Acquired Technology Rights
Acquired technology rights are carried at cost less accumulated amortization and are comprised of licenses to technology covered by patents held by third parties or acquired by the Company. Amortization is computed over the estimated useful life of the underlying patents, which has historically ranged from one to thirteen years. SFAS 142 requires purchased intangible assets other than goodwill to be amortized over their useful lives unless these lives are determined to be indefinite.
The determination as to whether a write-down of intangible assets, including acquired technology rights, is necessary involves significant judgment based on short-term and long-term projections of our operations. The assumptions supporting the estimated future cash flows of the reporting unit, including profit margins, long-term forecasts of the amounts and timing of overall market growth and our percentage of that market, discount rates and terminal growth rates, reflect our best estimates.

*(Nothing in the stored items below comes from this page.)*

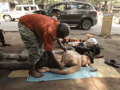 在印度刮痧被融入到街頭按摩體系中,與理髮、正骨、按摩結合,形成了獨特的保健一條龍服務。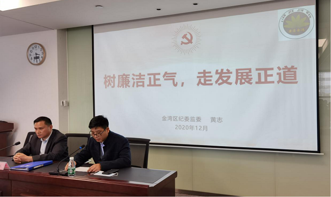 為筑牢廉潔思想防線,壓實“一崗雙責”,12月2日,聯(lián)港公司黨支部特邀請區(qū)紀委副書記、監(jiān)委副主任黃志為公司領(lǐng)導(dǎo)干部及全體黨員進行了廉政警示教育專題講座。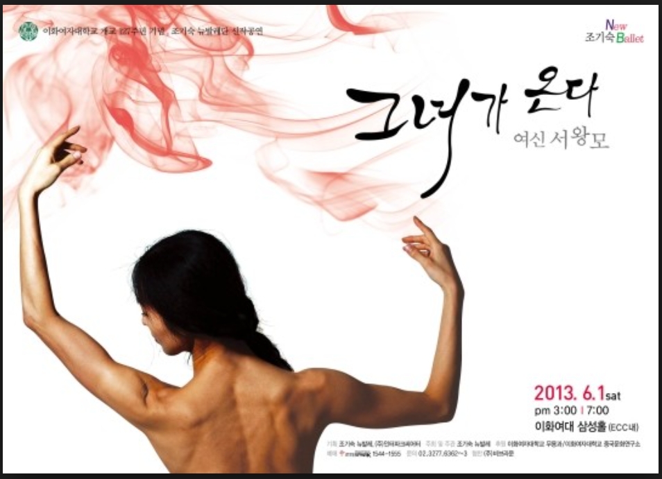 <그녀가 온다-여신 서왕모>는 원형콘텐츠를 현대적인 감각으로 재해석한 창작 발레 공연이다. 공연은 총 3막으로 구성된다. 동양의 최고 여신 서왕모와 달, 태양, 산, 꽃과 풀, 구름과 비, 대지 등을 상징하는 여신 6명이 각각 등장한다. 무용은 서왕모와 유일한 발레리노인 목천자가 주축을 이룬다. 세상을 구하는 것은 아름다움과 사랑이라는 주제를 서왕모와 목천자의 사랑을 통하여 표현하고 있고, 신녀들은 영혼을 치유하는 구원의 전령사로 등장한다. 자연을 상징하는 6명의 여신은 항아, 여와, 산귀, 무라, 무산신녀, 희화 등 중국 신화에 등장하는 여신들이다. 공연의 구성은 각 여신들이 자신의 스토리에 맞게 한 바탕 춤을 춘 다음에 그녀들을 지배하는 서왕모의 등장을 환영하는 이야기가 펼쳐진다. 서왕모 역을 맡은 주역 발레리나인 조정희와 목천자 역의 발레리노 정운식의 춤과 연기는 애절한 사랑을 잘 표현한다. 중국 신화의 신비로움을 살리기 위해 무술의 남녀고수 네 명을 등장시키고, 신화의 판타지적 요소는 디지털 영상을 배경으로 활용하여 화려하고 다양한 무대를 제공한다. 동양의 신화를 서양의 발레로 새롭게 창작한 <그녀가 온다-여신 서왕모>는 한류열풍을 타고 중국에 K-Ballet 열풍을 일으킬 여신시리즈 첫 번째로 제작된 공연이다.
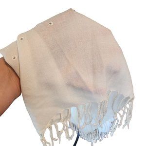Wrap Scarf White Embroidered Floral on White Fringe 84" x 40" Wide
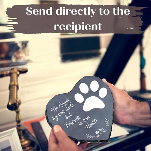 STURDY & WEATHERPROOF: Our pet memorial stones are designed with elegance and longevity in mind. Each piece is handcrafted from slate and chiseled with imperfect edges to be unique. Additionally, we use the latest printing technology to utilize direct thermal to permanently infuse the artwork into the surface of the stone, making it a heartfelt memorial gift and a beautiful keepsake.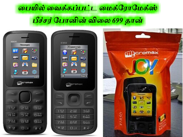 பையில் வைக்கப்பட்ட மைக்ரோமேக்ஸ் பீச்சர் போனின் விலை 699 தான்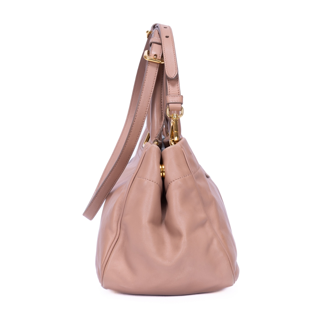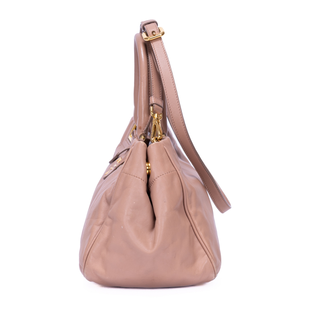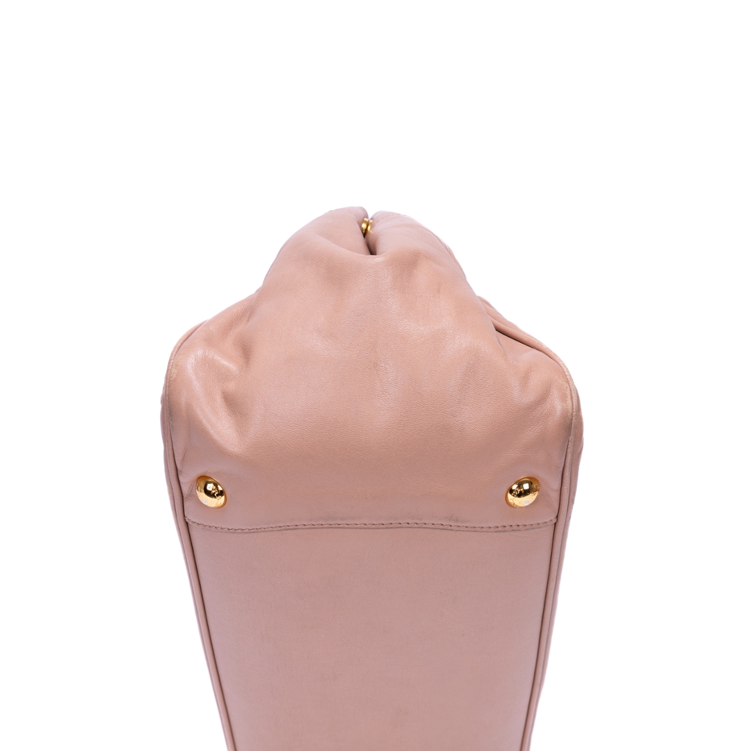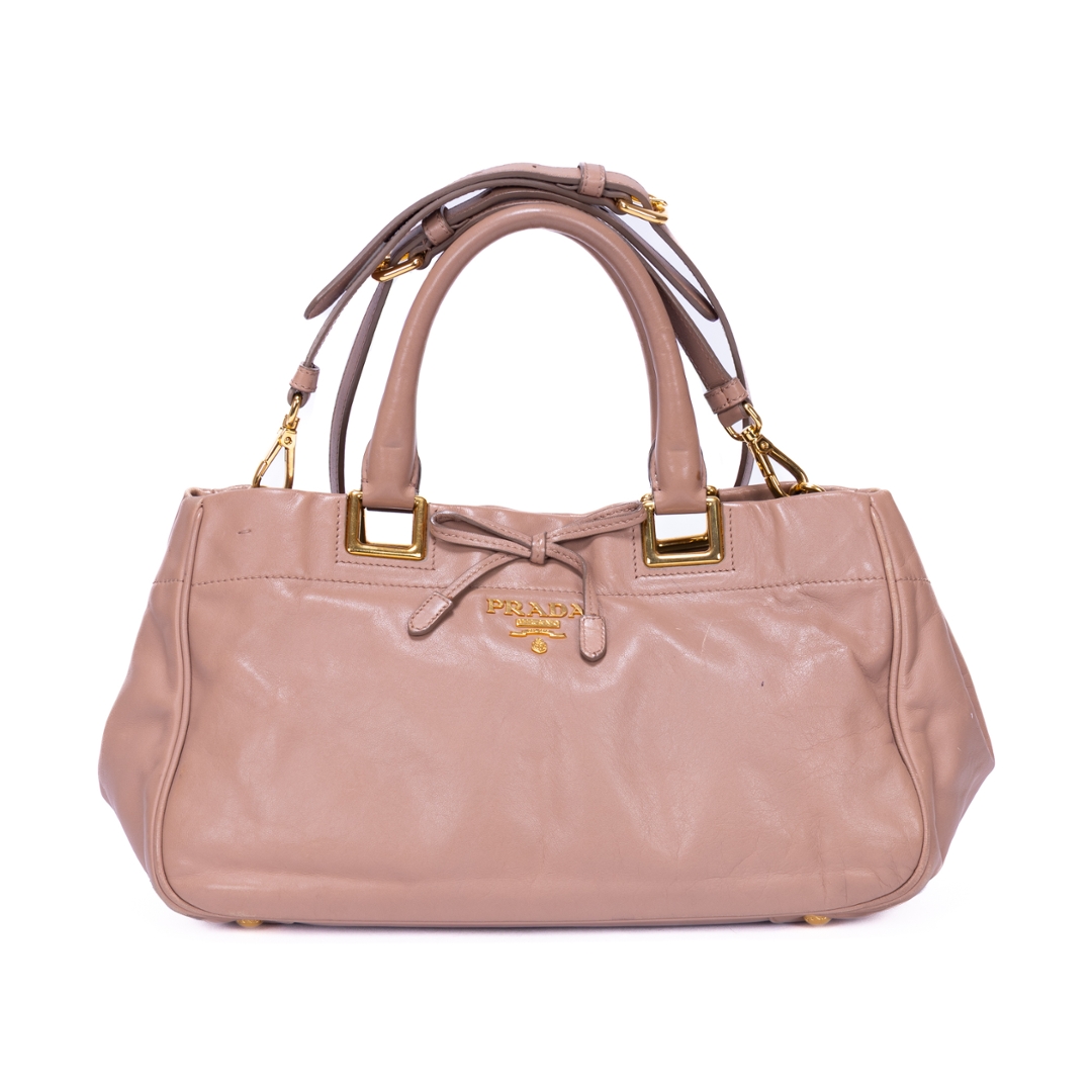 A vintage Prada pink beige calf leather Bow Tote bag with a certificate of authenticity. Approximately 18cm height, 30cm width.

Impairment of Long-lived Assets
Long-lived assets and certain identifiable intangible assets are reviewed for impairment when events or changes in circumstances indicate that the carrying amount of such assets may not be recoverable. Determination of recoverability is based on an estimate of undiscounted future cash flows resulting from the use of the asset and its eventual disposition. In the event that such cash flows are not expected to be sufficient to recover the carrying amount of the assets, the assets are written down to their estimated fair values.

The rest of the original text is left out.